▸ **EXERCISE GOAL**
Restate each line of the listing exactly, without carrying over any pictures.
__________________________________________________
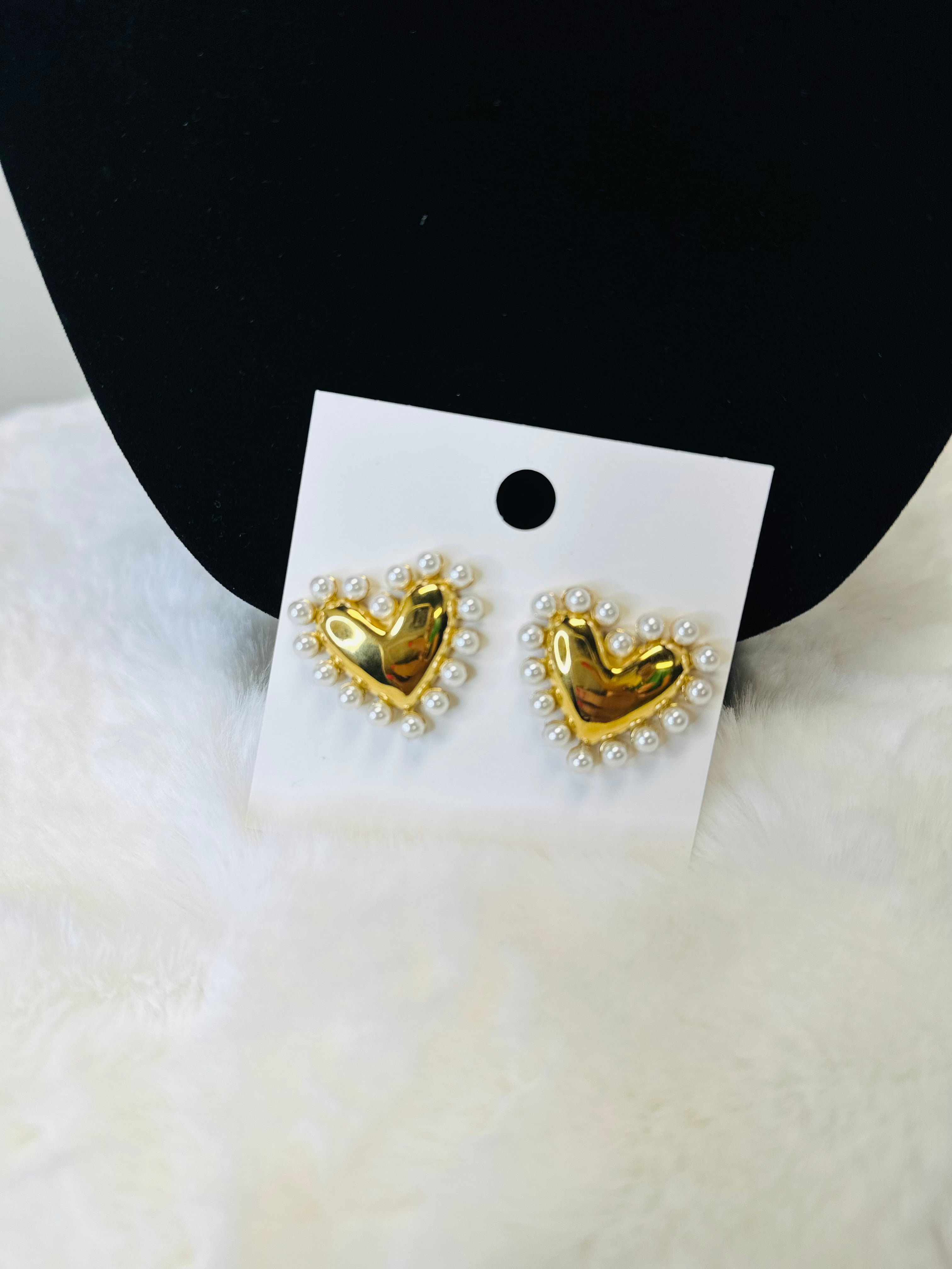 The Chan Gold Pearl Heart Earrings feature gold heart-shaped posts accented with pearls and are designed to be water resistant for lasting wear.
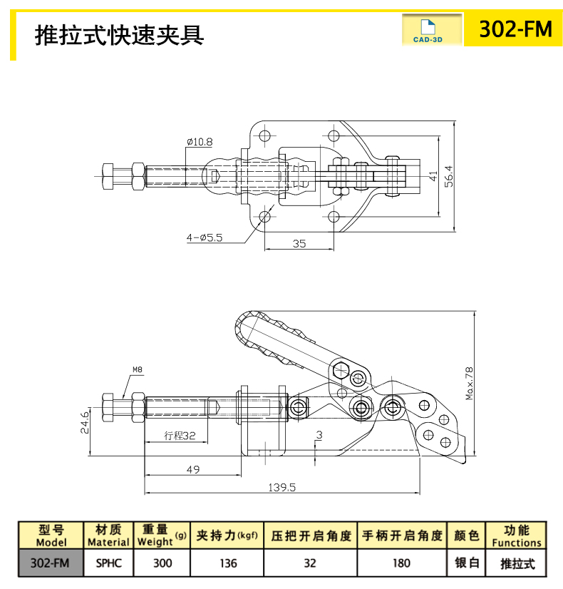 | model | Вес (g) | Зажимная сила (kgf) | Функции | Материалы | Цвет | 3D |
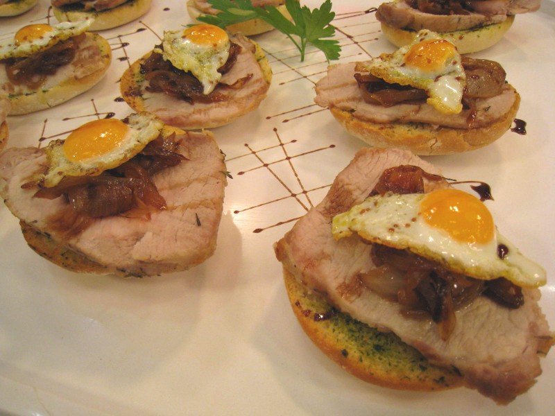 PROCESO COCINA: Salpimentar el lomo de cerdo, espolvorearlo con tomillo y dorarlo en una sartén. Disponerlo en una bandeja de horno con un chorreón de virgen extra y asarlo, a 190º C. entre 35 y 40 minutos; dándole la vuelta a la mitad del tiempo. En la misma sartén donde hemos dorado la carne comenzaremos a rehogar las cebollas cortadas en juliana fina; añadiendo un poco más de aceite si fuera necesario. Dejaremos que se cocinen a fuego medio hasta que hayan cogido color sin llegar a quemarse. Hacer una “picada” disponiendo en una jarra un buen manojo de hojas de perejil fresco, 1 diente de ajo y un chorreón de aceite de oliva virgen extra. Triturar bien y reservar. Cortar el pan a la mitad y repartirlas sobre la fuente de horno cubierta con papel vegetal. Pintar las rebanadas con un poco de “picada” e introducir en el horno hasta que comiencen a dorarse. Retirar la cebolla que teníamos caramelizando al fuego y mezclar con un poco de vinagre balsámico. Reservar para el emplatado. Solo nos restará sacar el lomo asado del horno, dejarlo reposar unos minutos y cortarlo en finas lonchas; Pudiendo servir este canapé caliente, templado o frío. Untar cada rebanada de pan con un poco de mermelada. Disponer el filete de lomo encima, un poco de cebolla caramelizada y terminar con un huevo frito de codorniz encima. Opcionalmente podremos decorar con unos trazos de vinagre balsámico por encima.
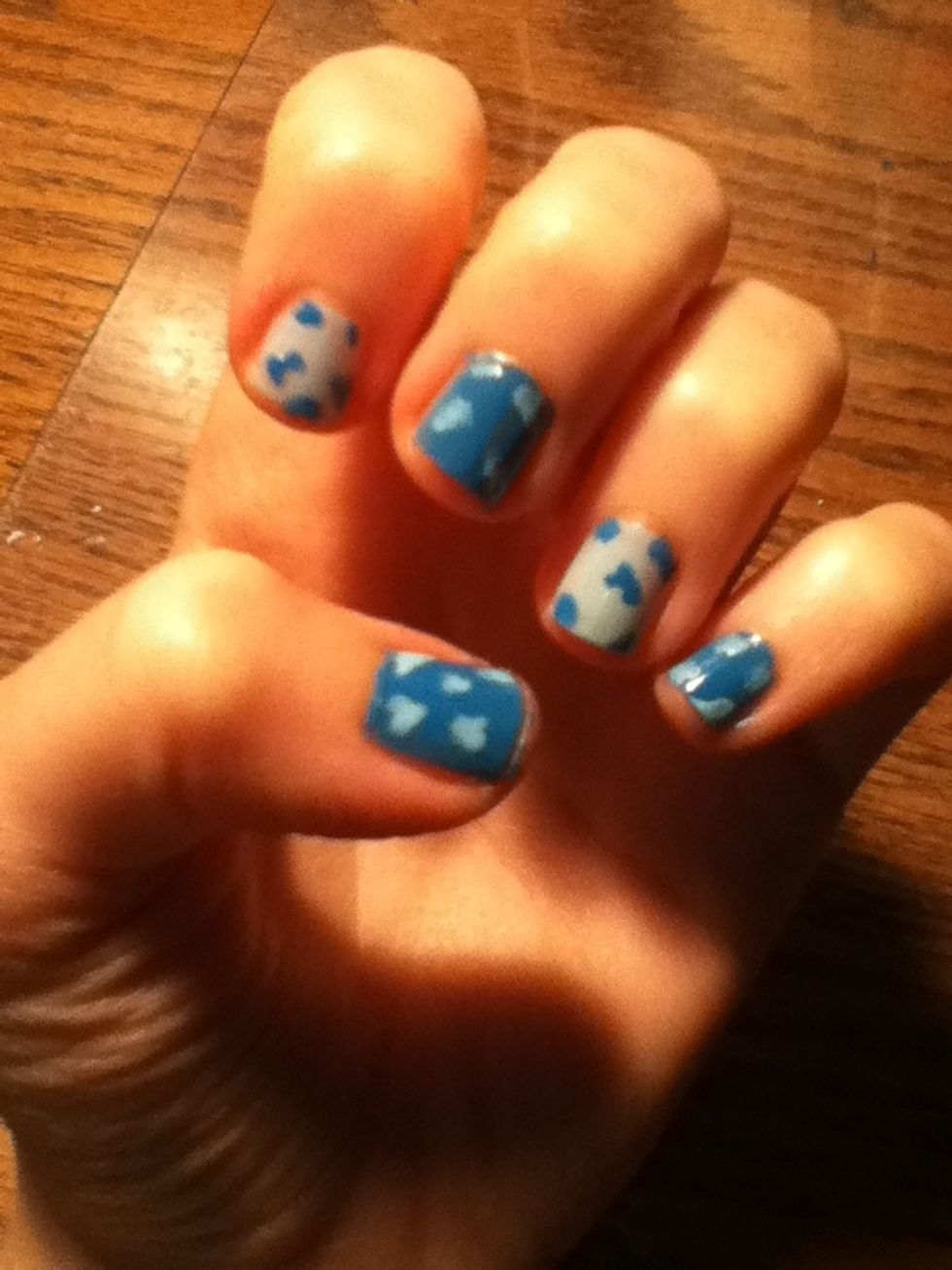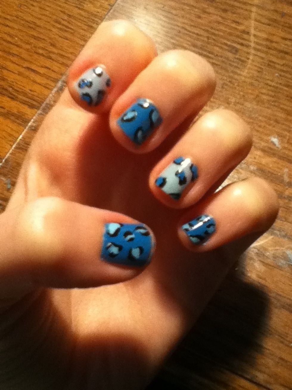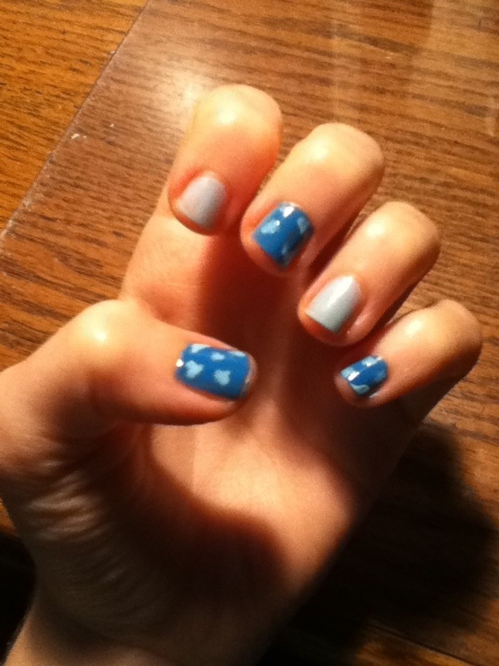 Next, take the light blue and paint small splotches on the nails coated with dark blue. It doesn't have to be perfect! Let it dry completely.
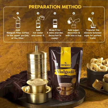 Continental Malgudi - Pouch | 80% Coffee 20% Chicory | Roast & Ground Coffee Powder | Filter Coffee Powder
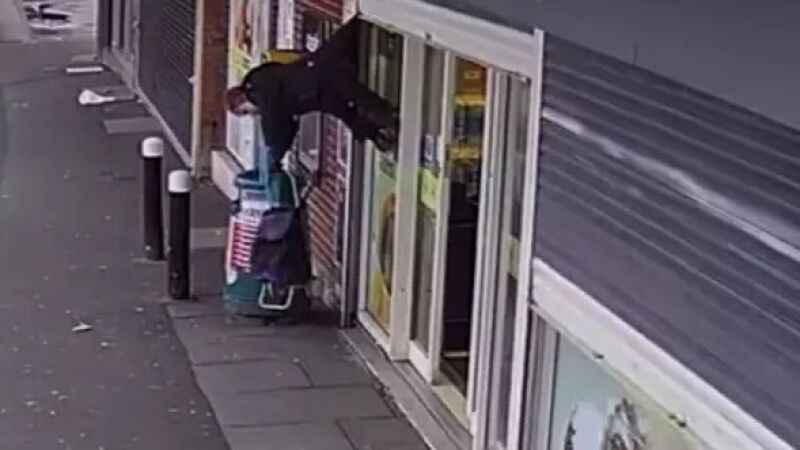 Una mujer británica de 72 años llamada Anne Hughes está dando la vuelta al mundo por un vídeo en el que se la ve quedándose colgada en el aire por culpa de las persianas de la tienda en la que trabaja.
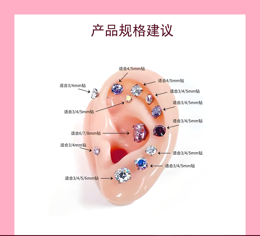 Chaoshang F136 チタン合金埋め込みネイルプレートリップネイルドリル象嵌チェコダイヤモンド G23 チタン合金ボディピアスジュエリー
__________________________________________________
▸ **RESPONSE AREA**
 The Chan Gold Pearl Heart Earrings feature gold heart-shaped posts accented with pearls and are designed to be water resistant for lasting wear.
 | model | Вес (g) | Зажимная сила (kgf) | Функции | Материалы | Цвет | 3D |
 PROCESO COCINA: Salpimentar el lomo de cerdo, espolvorearlo con tomillo y dorarlo en una sartén. Disponerlo en una bandeja de horno con un chorreón de virgen extra y asarlo, a 190º C. entre 35 y 40 minutos; dándole la vuelta a la mitad del tiempo. En la misma sartén donde hemos dorado la carne comenzaremos a rehogar las cebollas cortadas en juliana fina; añadiendo un poco más de aceite si fuera necesario. Dejaremos que se cocinen a fuego medio hasta que hayan cogido color sin llegar a quemarse. Hacer una “picada” disponiendo en una jarra un buen manojo de hojas de perejil fresco, 1 diente de ajo y un chorreón de aceite de oliva virgen extra. Triturar bien y reservar. Cortar el pan a la mitad y repartirlas sobre la fuente de horno cubierta con papel vegetal. Pintar las rebanadas con un poco de “picada” e introducir en el horno hasta que comiencen a dorarse. Retirar la cebolla que teníamos caramelizando al fuego y mezclar con un poco de vinagre balsámico. Reservar para el emplatado. Solo nos restará sacar el lomo asado del horno, dejarlo reposar unos minutos y cortarlo en finas lonchas; Pudiendo servir este canapé caliente, templado o frío. Untar cada rebanada de pan con un poco de mermelada. Disponer el filete de lomo encima, un poco de cebolla caramelizada y terminar con un huevo frito de codorniz encima. Opcionalmente podremos decorar con unos trazos de vinagre balsámico por encima.
 Next, take the light blue and paint small splotches on the nails coated with dark blue. It doesn't have to be perfect! Let it dry completely.
 Continental Malgudi - Pouch | 80% Coffee 20% Chicory | Roast & Ground Coffee Powder | Filter Coffee Powder
 Una mujer británica de 72 años llamada Anne Hughes está dando la vuelta al mundo por un vídeo en el que se la ve quedándose colgada en el aire por culpa de las persianas de la tienda en la que trabaja.
 Chaoshang F136 チタン合金埋め込みネイルプレートリップネイルドリル象嵌チェコダイヤモンド G23 チタン合金ボディピアスジュエリー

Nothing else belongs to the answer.